Your heart is racing and the sounds of your brain are making sleep impossible. The stress has made your stomach churn and the acid has made you nauseous. The clock reads 2 a.m., then 4 a.m., and finally your alarm goes off. You wake feeling hung over, yet you haven't had a drink.
Your eyes are barely open and you immediately check your email. The tasks for the day are endless, and your goals seem insurmountable. You haven't spoken to your friends in weeks, and you know you are forgetting someone's birthday but your brain is too full to remember. You work day and night, and rarely see the sunlight. And although you make a great salary and have a high-powered position, your life is full of tasks, goals and responsibilities. You can't remember the last time you laughed, relaxed or even smiled. You can't recall the last time you were happy, either. How much are you willing to sacrifice for "success"?

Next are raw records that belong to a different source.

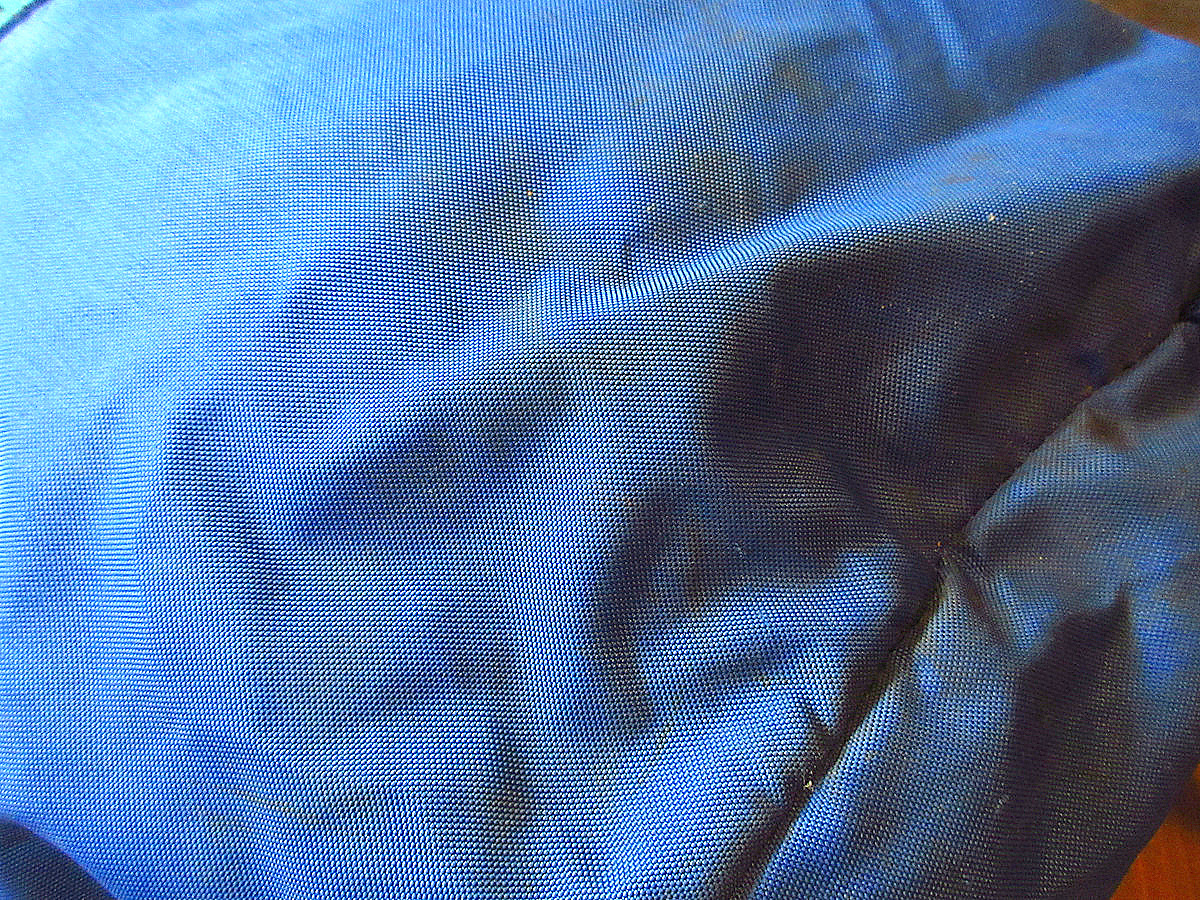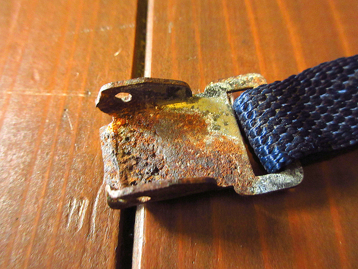 全体的にシミや汚れ多数あり、ナイロン特有の匂いあり、全ての金具に錆やダメージがありサイズ調整、ポケットのジッパーの開閉ができません。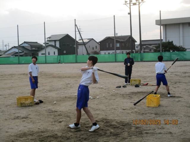 3枚目:野球部は、バッティング練習に力を入れています。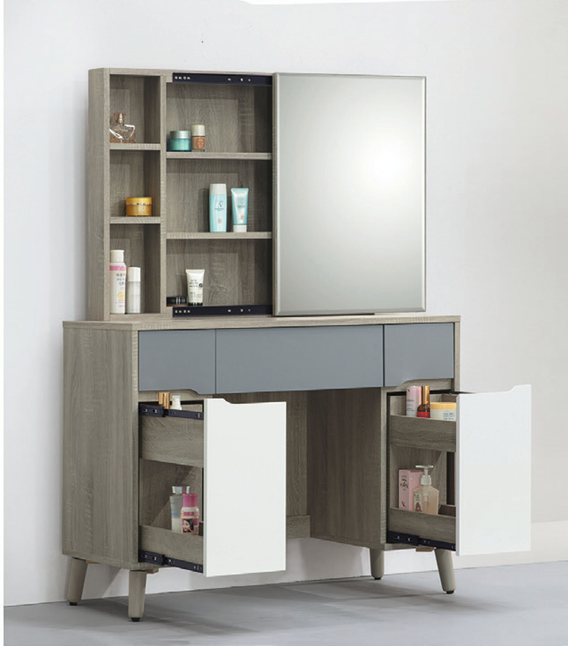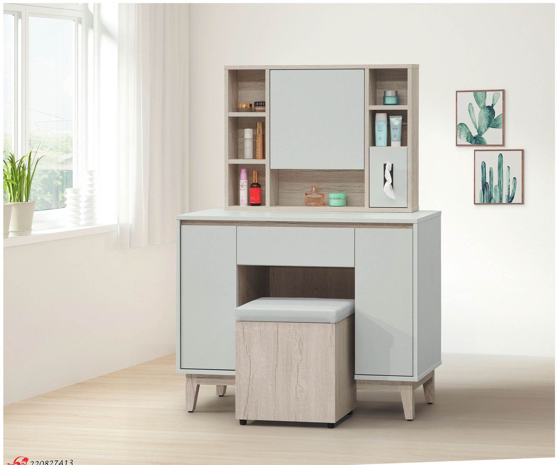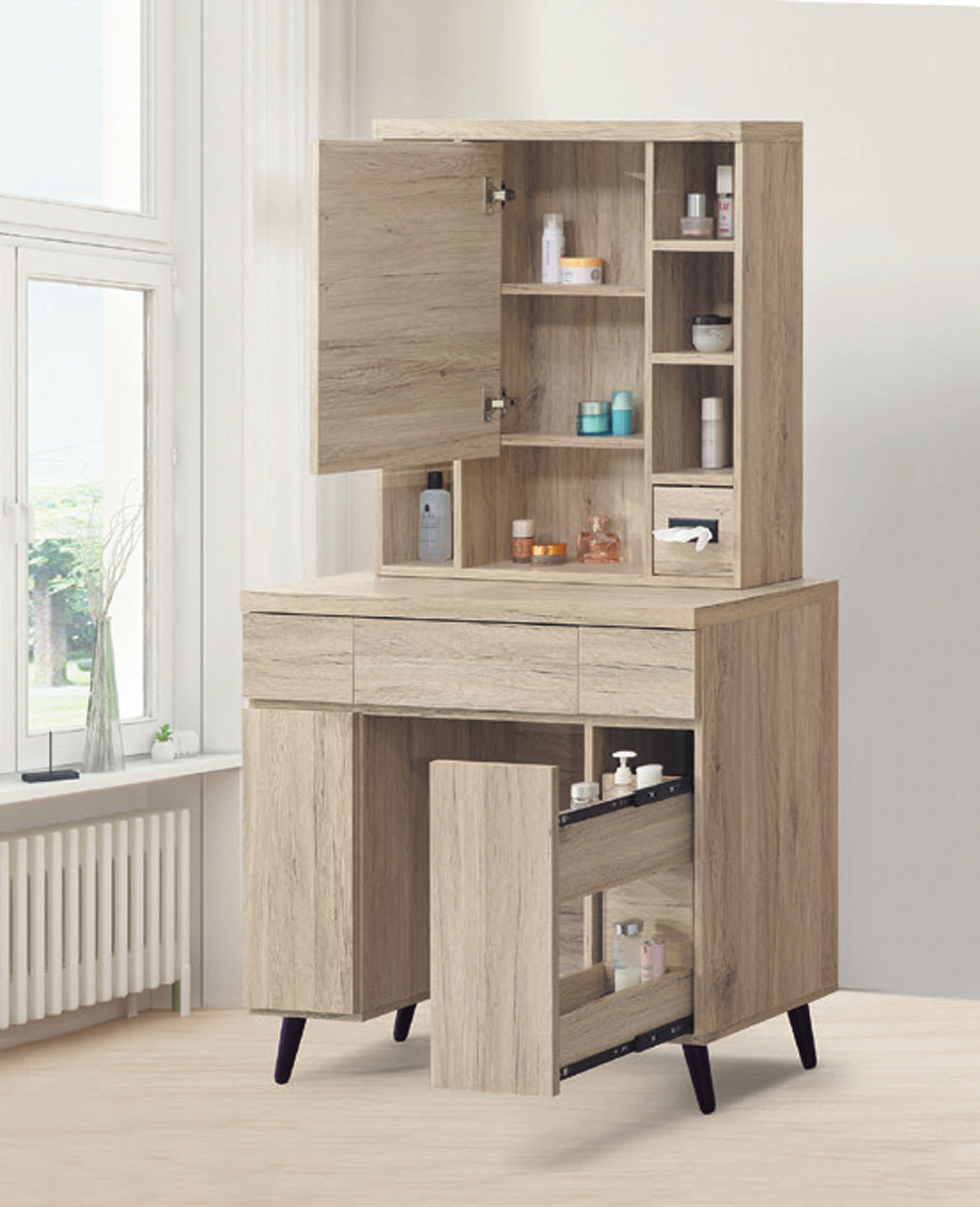 拉比灰橡2.7尺掀式鏡台(含椅)

"Where has the time gone?" "There aren't enough hours in the day." These are statements that we struggle with daily. Yet we rarely make changes to our lives or our schedules to allow for life's pleasures. We are so caught up in achieving that we forget to savor, breathe and recognize the present moment. We constantly live in the future, and suffer as a result.
I own a holistic health practice and I help people to find balance in their health and in their personal lives. I pride myself on living according to my teachings. But last week I lost my footing and I, too, fell prey to the "American model of success." I decided to launch several new exciting ventures for 2013 and the steps that needed to be taken seemed overwhelming. In this case, I felt that I needed to have all of the steps figured out immediately, and I couldn't sleep or stop until I did. I was emailing at all hours, and I was constantly anxious. My sleep suffered, I wasn't returning phone calls, I canceled many plans and I missed my favorite yoga class.

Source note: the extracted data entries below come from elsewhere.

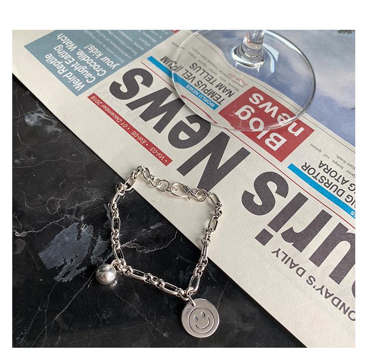 Compre 925 prata esterlina estilo coreano high-end smiley pulseira feminina ins nicho design estudante simples frio estilo retro elegante no atacado no Joom.pro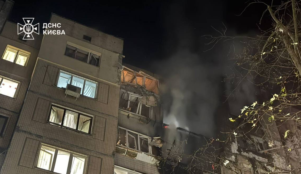 У Подільському районі ракета влучила в багатоповерхівку на рівні 15-го поверху, де рятувальники евакуювали 13 людей. У Дніпровському районі ДСНС ліквідувала пожежі у двох квартирах п’ятиповерхівки площею 50 кв. м, а за іншою адресою сталося часткове руйнування 19-го та 21-го поверхів. Також горіли дерев’яні споруди спортивної бази загальною площею 200 кв. м.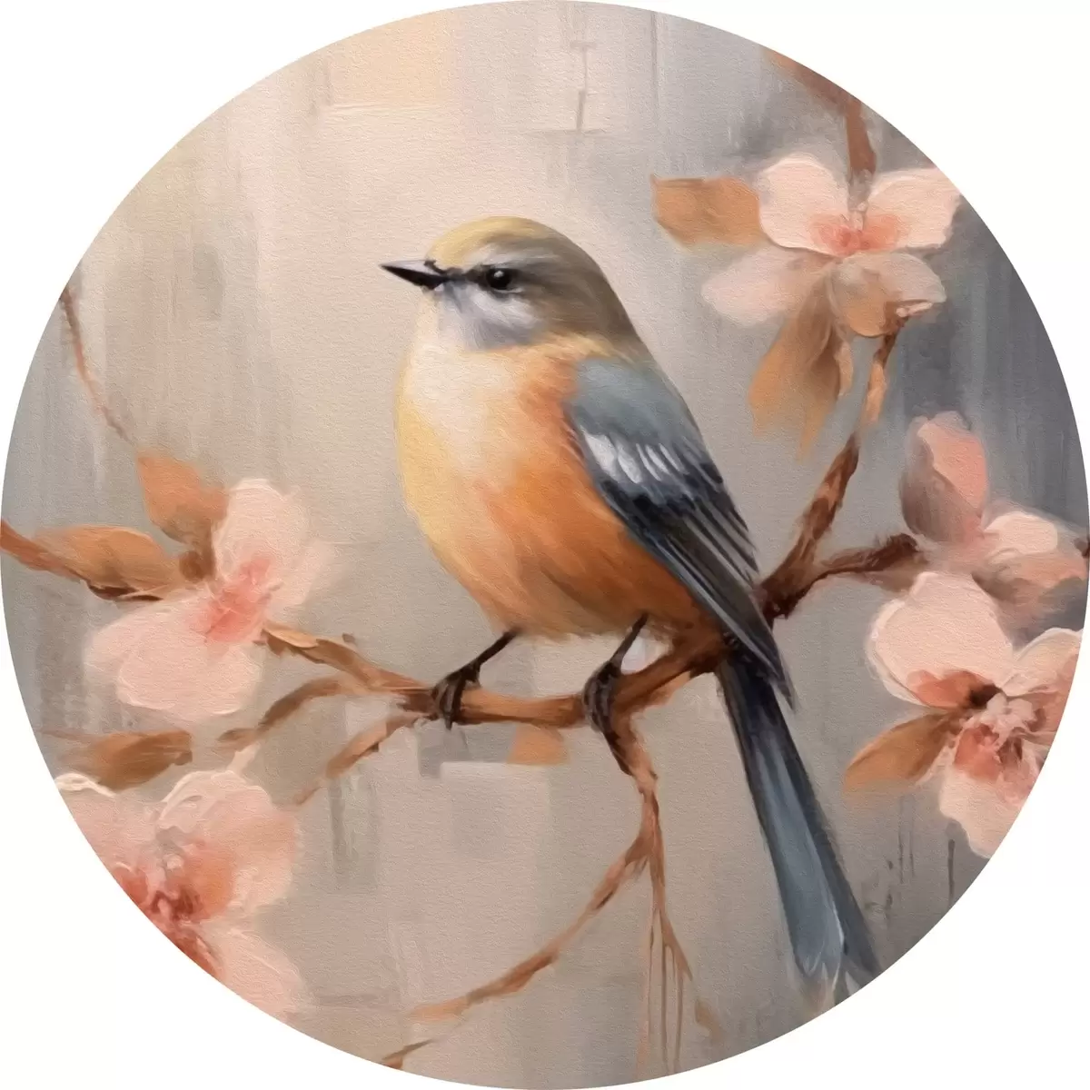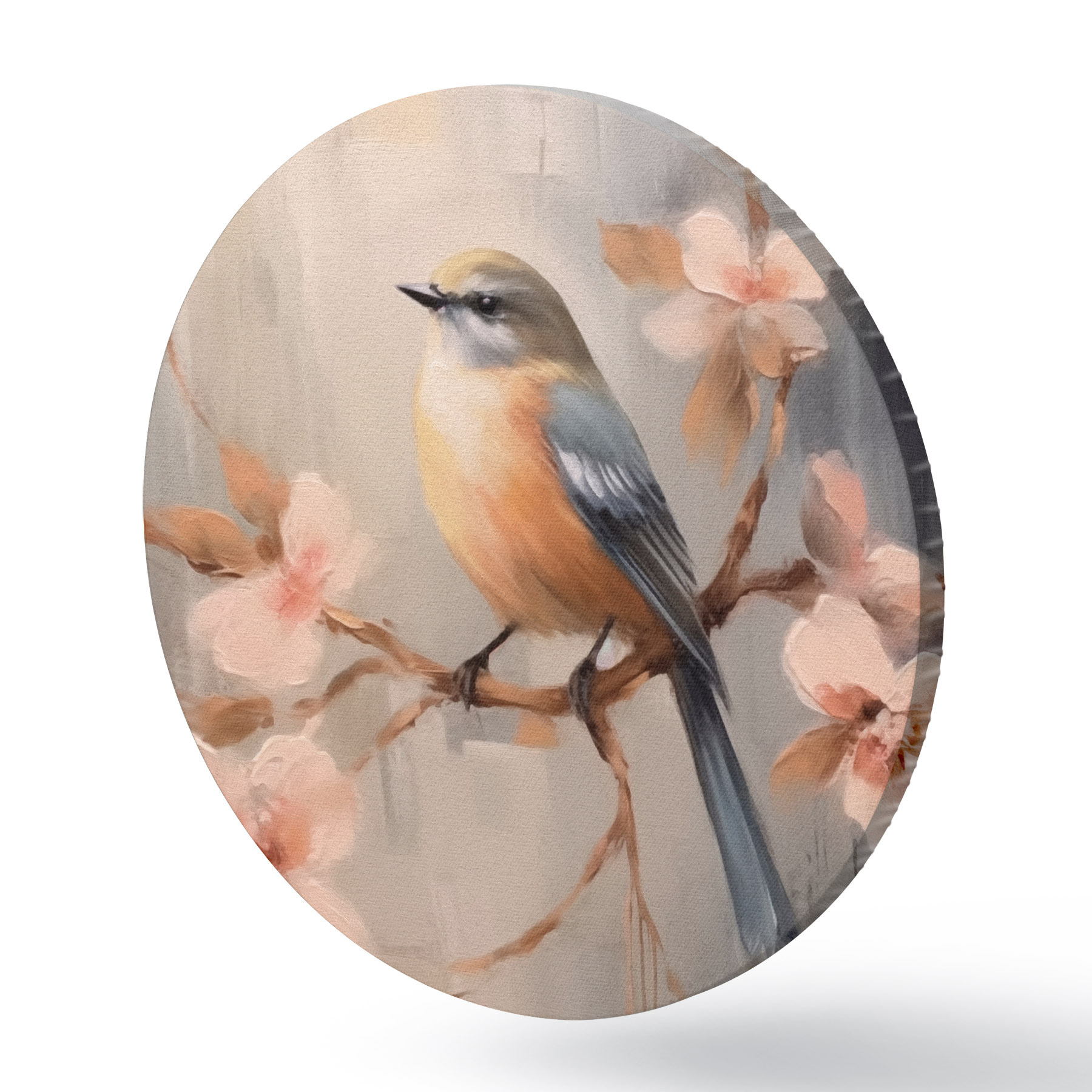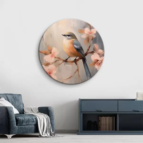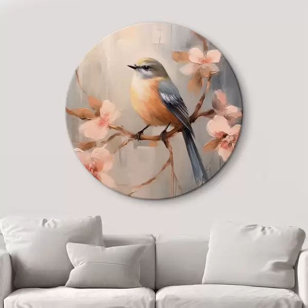 Tableaux ronds Oiseau sur une branche et fleurs roses r42302

The final straw came when I realized these projects were supposed to be exciting. After all, they were a part of my dream and my vision board. But stress was a pin, deflating the fun right out of my happy helium balloon.
How do you define success? Is it a particular job or position? Is it a certain style of living? Is it a relationship? Is it monetary? For many Americans, success means, "overworked, sad and frustrated." It means an unhealthy lifestyle, a cynical attitude and an unattainable goal. It comes with a price; as we are working at warp speed to live up to a certain potential, life is passing us by.

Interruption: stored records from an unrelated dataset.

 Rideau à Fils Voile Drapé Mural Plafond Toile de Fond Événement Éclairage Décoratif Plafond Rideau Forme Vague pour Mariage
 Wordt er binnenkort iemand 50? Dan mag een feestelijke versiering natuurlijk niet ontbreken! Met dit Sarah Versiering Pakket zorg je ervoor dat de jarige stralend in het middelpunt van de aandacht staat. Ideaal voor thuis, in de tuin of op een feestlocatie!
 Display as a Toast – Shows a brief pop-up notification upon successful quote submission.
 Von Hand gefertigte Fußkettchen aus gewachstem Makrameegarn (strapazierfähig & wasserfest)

Why do we allow this? We might believe that we should have achieved a particular goal by an exact time period, or maybe we are comparing ourselves to others. Or perhaps we don't trust the process and we are rushing life to attain a goal. We live every day on a hamster wheel and we have no idea how to get off.
But we can change our lives. First, by asking what success truly means. What would really make you happy? Maybe right now it is a hug or a belly laugh. Maybe it is a good night's sleep. Maybe it is a simple pleasure -- one without sacrifice. Maybe it is about really seeing and experiencing every hour of the day and spending a few minutes in the sunshine. Maybe it isn't about huge goals, but about small steps that allow you to feel present.
So where do you start? Start by making time to breathe. Redefine balance for yourself. Chew your food and take better care of your body. Cherish the time you have with loved ones. Choose to dance, sing or be still. Rediscover your smile. Use your creativity and listen to your voice. Enjoy a hobby. Treat your body and your soul like sacred property and treasure every moment you have. Live life a little slower and learn to feel again.